The body of the document must indicate the necessary knowledge and skills for the candidate for the position and describe job responsibilities. For full disclosure of information, additional clauses on non-disclosure of trade secrets and others may be included in the contract.

Employment contract with the executive director of the LLC

The executive director carries out activities related to the management of the organization, the regulation of production processes in order to maximize profits. The employment agreement is drawn up in accordance with labor legislation, taking into account the requirements for the category of contracts with managers. The structure of the contract is completely identical to the previous example.

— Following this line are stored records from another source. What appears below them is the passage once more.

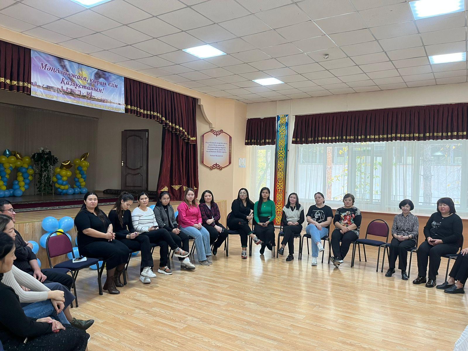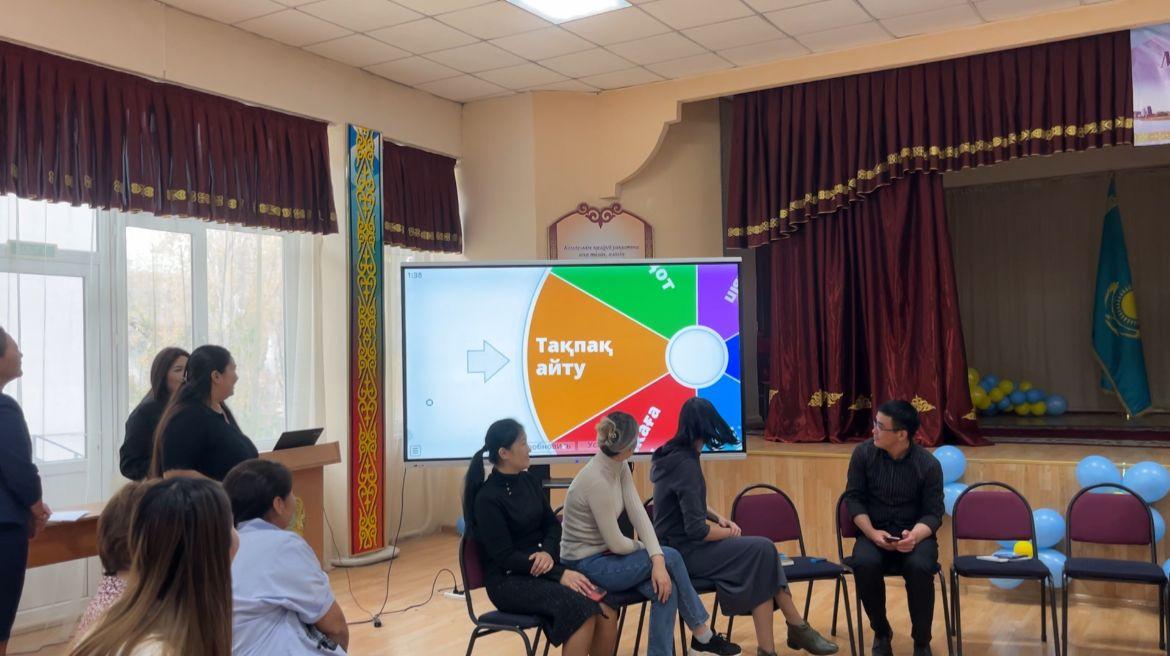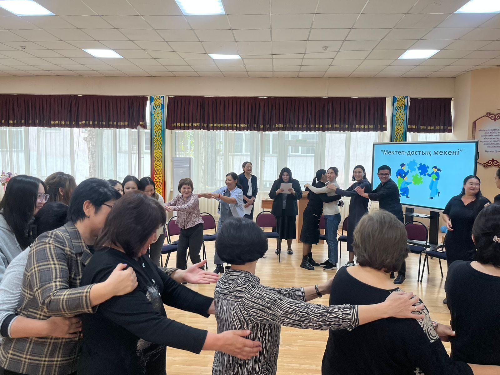 Мектеп ұжымымен «Мектеп-достық мекені» тақырыбында психологиялық тренингі өтті. Мақсаты: педагогикалық ұжымды ынтымақтастыруға, қарым-қатынас дағдысын дамытуға, өз-өзіне деген сенімділігін, жағымды қатынасты арттыруға, көңіл-күйлерін көтеруге бағытталды.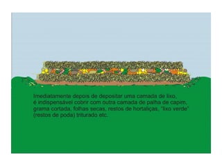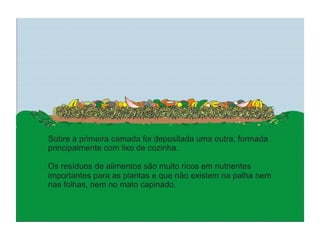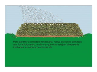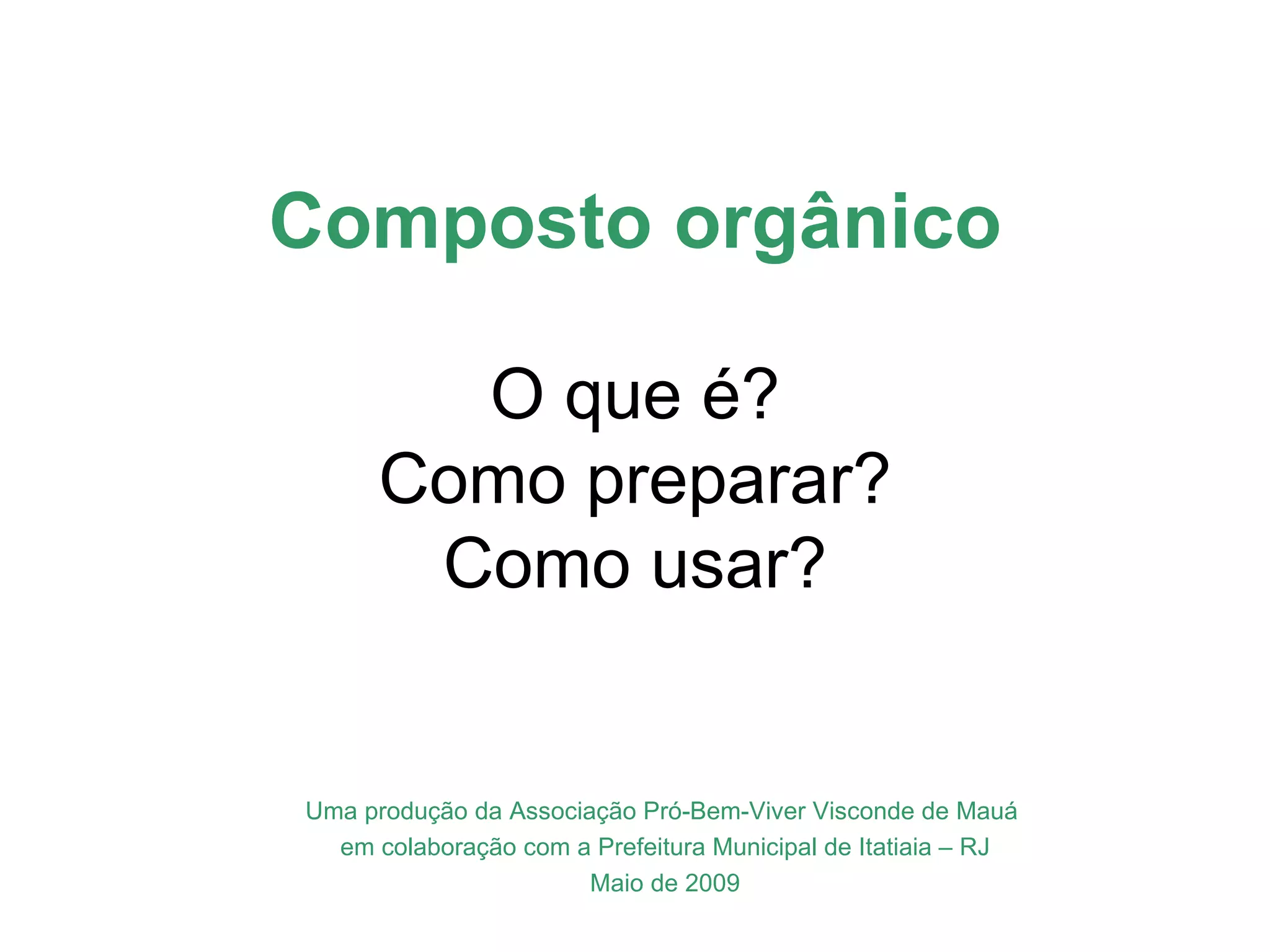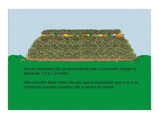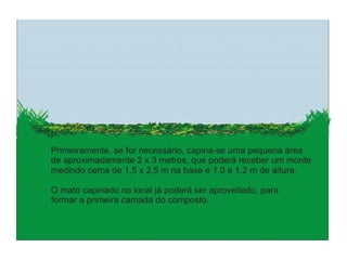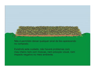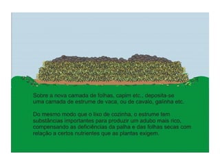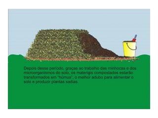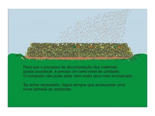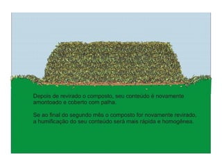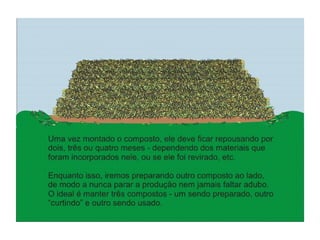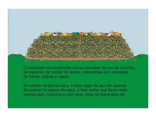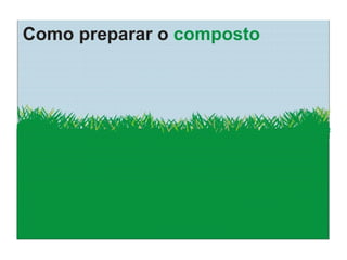 O documento explica o que é compostagem, como preparar composto orgânico misturando resíduos orgânicos e como usar o composto pronto para adubar a terra e cultivar plantas. Descreve os benefícios do composto no solo e nas plantas, e dá exemplos de como implantar um minicentro de compostagem em escolas.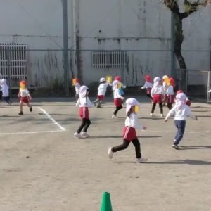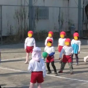 10時頃には、日も差してきて、りす組のお友達は、体育遊び。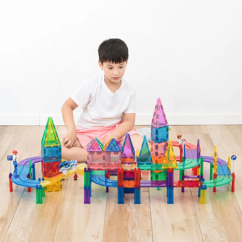 Die Magnet Rennbahn von Jubee ist das perfekte Set für kleine Ingenieure und kreative Köpfe. Mit der Magnet Rennbahn können Kinder ihre eigene, individuelle Rennstrecke gestalten und ihrer Fantasie freien Lauf lassen. Das Set beinhaltet Pfeiler, Brücken, rechteckige Platten, Kurven, Wellenbahnen und dreieckige Magnetplatten, mit denen sich unzählige Streckenkombinationen kreieren lassen.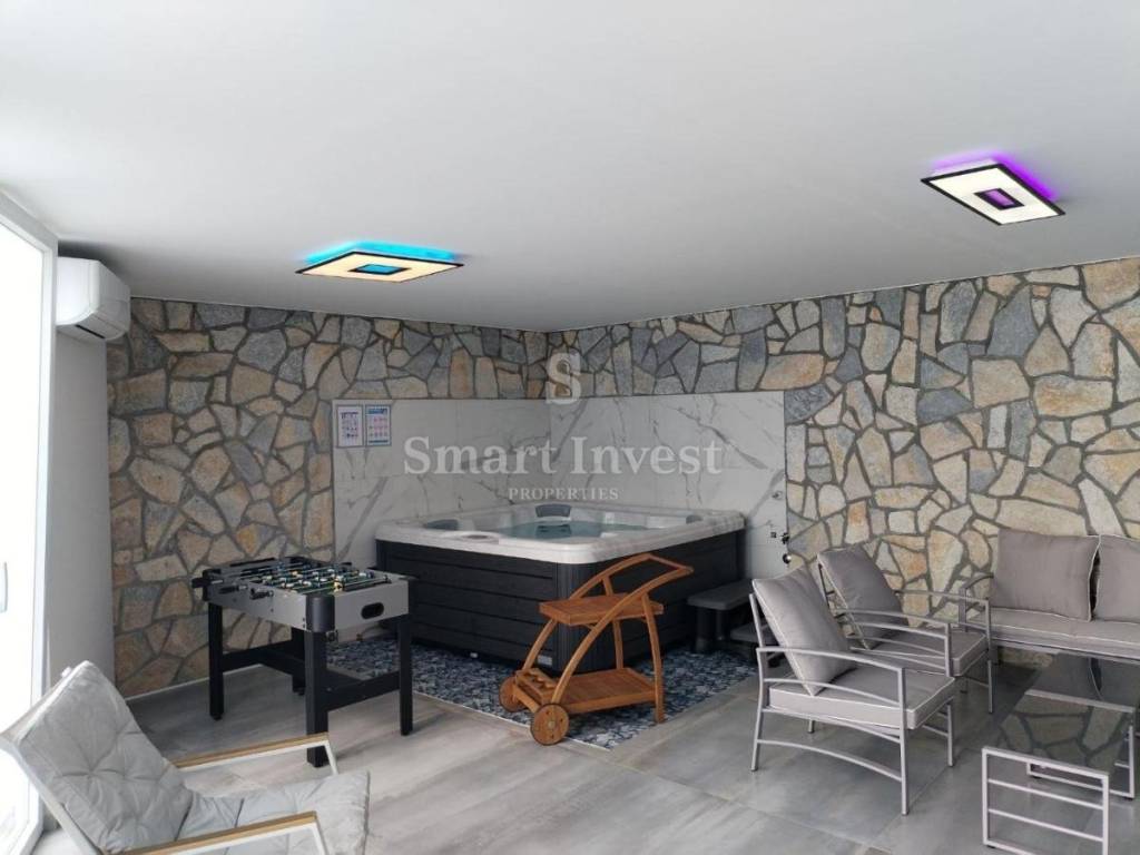 The living room opens onto an enclosed terrace (wellness area) with its own air conditioner, available year-round. It features everything needed for relaxation, fun, and spending time with family and friends: a 6-person jacuzzi, table football, a large outdoor pool, and a seating area.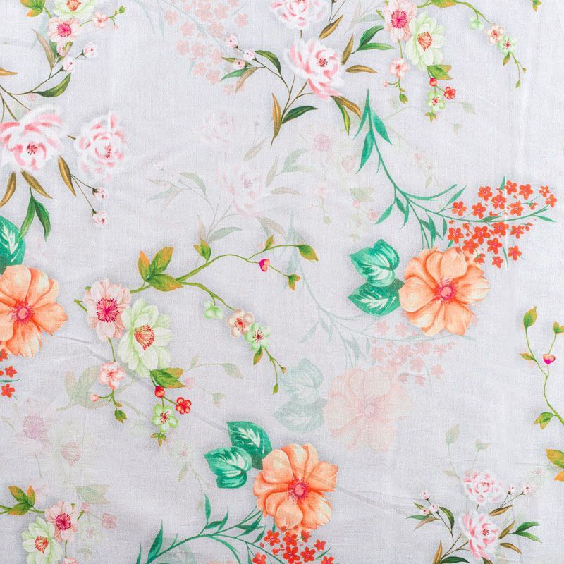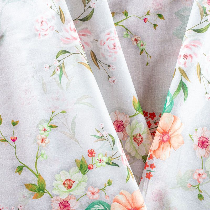 Плательно-рубашечный хлопок серого оттенка с элегантным цветочным принтом. Ткань очень лёгкая, воздушная, тонкая, похожа на батист, немного прозрачная, поверхность матовая, гладкая, приятная к телу, хорошо драпируется. Прекрасно подойдет блузы, платья-рубашки, летнего сарафана, туники.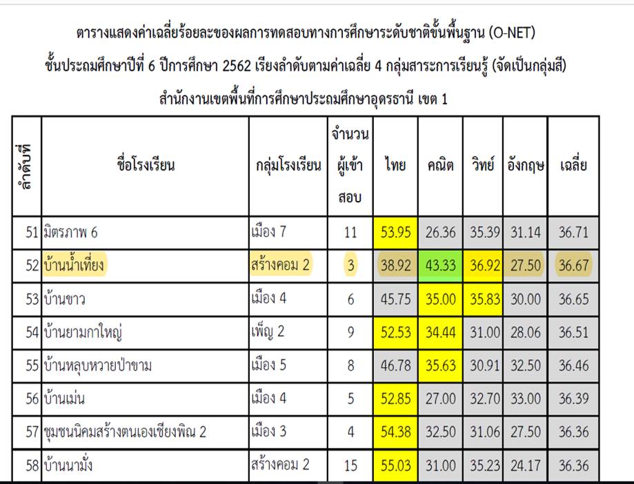 ผลการทดสอบ(O-NET ปีการศึกษา 2562)
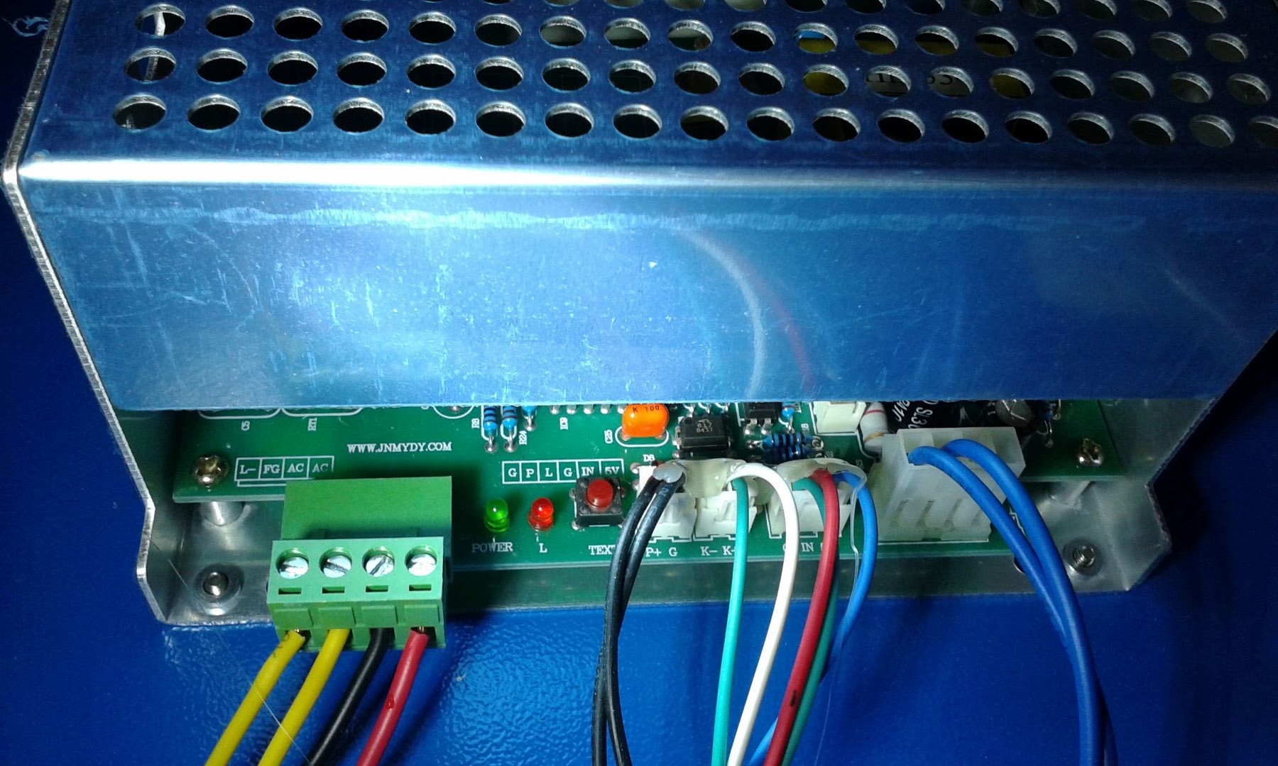 It seams the our brothers across the seas were never consistent with power supplies and color coding. Here is the power supply for the k40 I got. The left connector , the black and red wires go to the power switch, one yellow goes to the analog meter , the other yellow goes to chassis ground. The two black wires go to the laser switch. The next connector has white and green wires. The white one goes to the test switch and one of the green ones go to the test switch, the other green one goes to gnd on the red Moshe board. the connector with the red green and blue wires go to the current reg potentiometer and the right side connector with two blue wires go to the red Moshe board. The amp meter has one yellow wire going to the left connector and a blue wire going to the output end of the laser tube.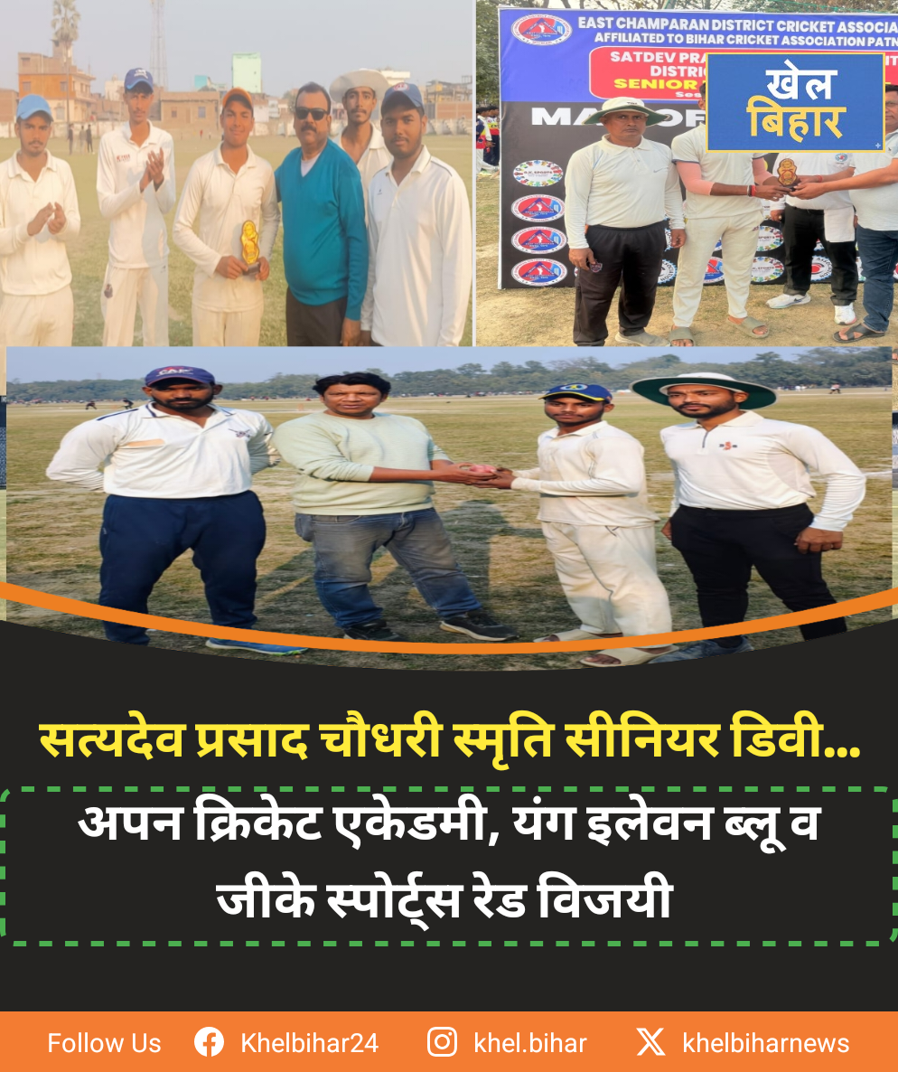 ईस्ट चम्पारण जिला क्रिकेट लीग में अपन क्रिकेट एकेडमी, यंग इलेवन ब्लू व जीके स्पोर्ट्स रेड विजयी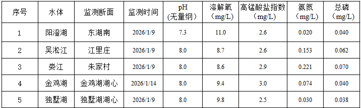 2026年1月蘇州工業園區地表水監測結果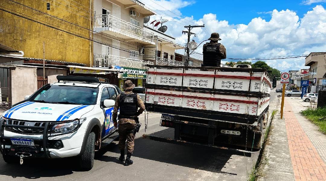 Polícia Militar realiza apreensão de madeira ilegal durante patrulhamento ambiental em Cruzeiro do Sul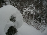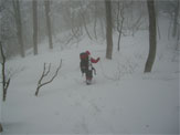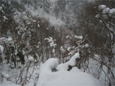 山頂に戻る頃から、降雪が激しくなった。この雪の状態からして、下は、ミゾレか雨であろうと予想し、ジャケットを雨具に切り替えた。重荷を背負っていても、下りは早いもの、1時間余で登山口に辿り着いたのであるが、長い長い林道歩きが待っており、良からぬ一言で、帰り道は無言に終始してしまった。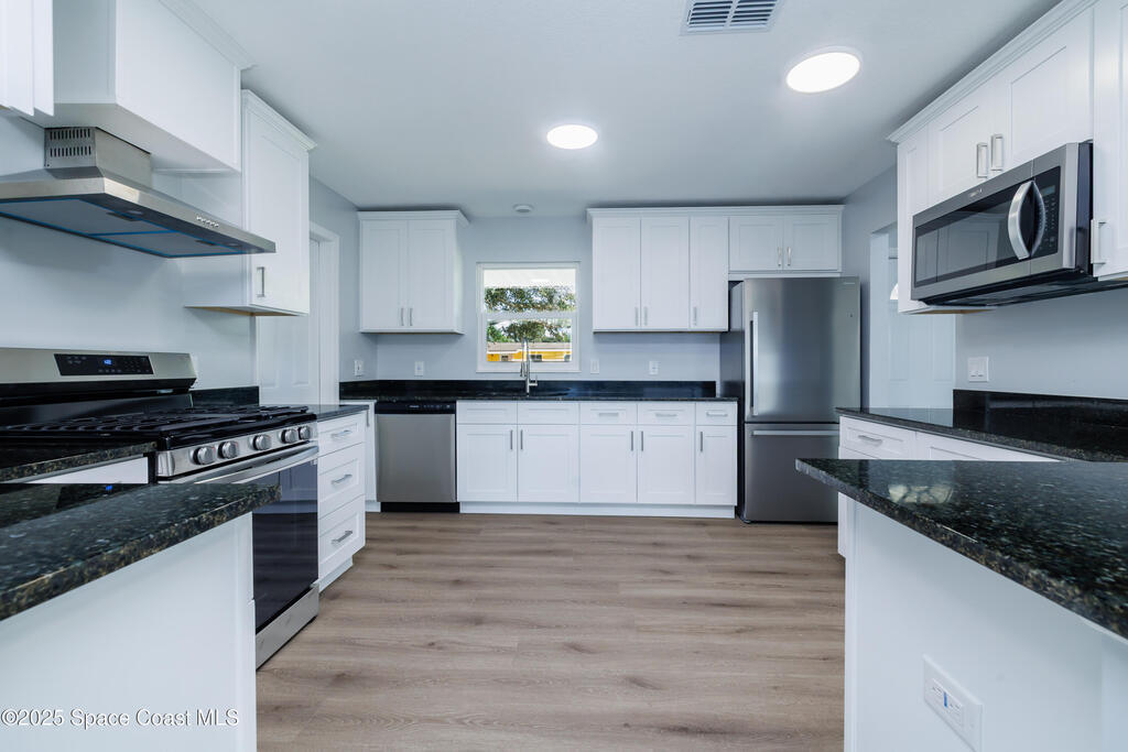 Experience modern living in this stunningly remodeled 3-bedroom, 2-full-bath home in Cocoa. The heart of the home is the kitchen, featuring granite countertops, all new appliances, including a natural gas range and stove, along with soft-close cabinets and drawers for a touch of elegance. Enjoy the seamless flow of new LVP flooring throughout the main living areas, while the bedrooms offer cozy, brand new carpeting.This home has been updated with brand new impact windows, ensuring energy efficiency and storm protection, plus all-new plumbing and doors! It's perfectly located within walking distance to schools, and just a 5-minute drive to a variety of shopping and dining options.Commuting and travel are a breeze with easy access to FL-528, providing a quick route to Orlando Int. Airport, area beaches, and the cruise port at Port Canaveral. A bonus feature is the 24x12 shed in the backyard, equipped with power, ideal for storage or hobbies. *One or more photos virtually staged.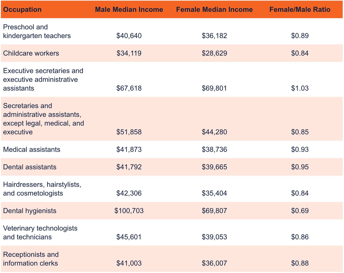 Female executive assistants make $1.03 for every dollar a male assistant makes.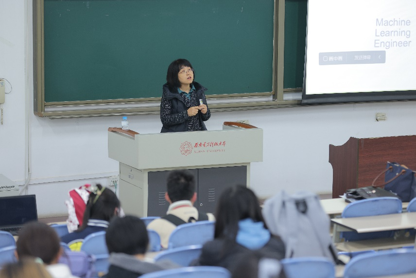 孙蕾为同学们分别就专业相关的未来职业、商业数据分析和数据科学专业相关的优秀美国大学列表、国内外热门可就业公司等方面做了系统阐述,加强了同学们对专业当前就业环境的认知。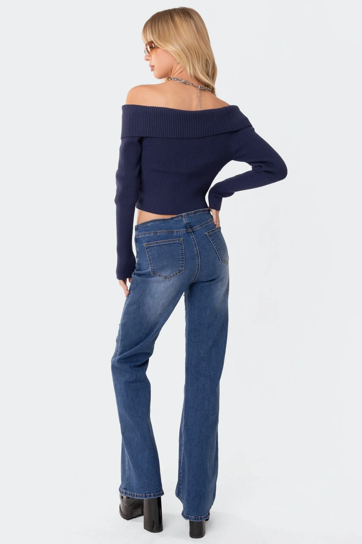 Experience the ultimate comfort in our blue knit sweater. This long-sleeved top features a stylish fold-over neckline and double zip detail, all crafted from high-quality 100% cotton fabric. Stay cozy and stylish all day long with this must-have piece. Available in XS/S, M/L, and XL sizes. Care instructions: Machine wash with similar colors for best results.
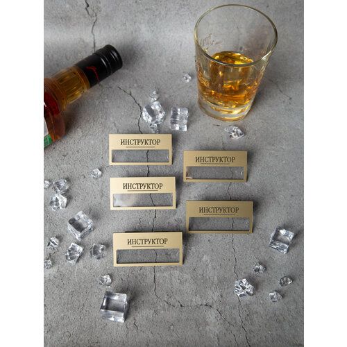 Найти - Бейджик (Бейдж) с окном, гравировка Инструктор, магнитное крепление, золотой - 5 шт.

The main contract may be accompanied by a work schedule, a non-disclosure agreement and a job description. All changes to the employment contract are made by drawing up an Additional Agreement.

Who signs the contract

In order to determine who has the right to endorse an employment contract with a manager, it is necessary to find out which body is authorized to choose the general director. Law No. 14-FZ of 02/08/1998 states that the manager is elected at a general meeting of participants, but in practice the decision can also be made by the board of directors. Such powers are disclosed in the LLC Charter.

If a director is elected at a general meeting, the agreement is signed by the chairman or a certain LLC participant is elected to sign a contract with the director.

In the second case, the agreement is signed on behalf of the employer by the chairman of the board of directors or another authorized person - this can be either a member of the board or an ordinary participant.

If the agreement is drawn up by the director, who is the sole founder, then he puts signatures on both sides.

Breaking the contract

Termination of an employment contract with a manager entails the emergence of many controversial issues. The dismissal of a director can be carried out on the general grounds set out in the Labor Code of the Russian Federation, and on the special grounds outlined in Article 278 of the Labor Code. Special circumstances arise from the specifics of the leadership position. So, in what cases can you fire a director:

  • by decision of the new owner of the institution within three months from the date of taking ownership;
  • if the activities carried out by the director resulted in the failure to preserve or misuse assets, caused damage to property, or losses;
  • in case of regular violations of official duties;
  • in the cases provided for in Art. 81 and art. 278 of the Labor Code of the Russian Federation (disability, loss of contract, etc.);
  • if at the general meeting a decision was made to terminate cooperation with this person as a director.

It should be remembered that the law establishes increased responsibility for leadership positions. Article 277 of the Labor Code clearly states that the director is financially responsible for damage caused to the institution as a result of his actions.

Also, do not forget that if the general director is dismissed without obvious violations, the employer is obliged to pay impressive compensation provided for in Article 279 of the Labor Code of the Russian Federation.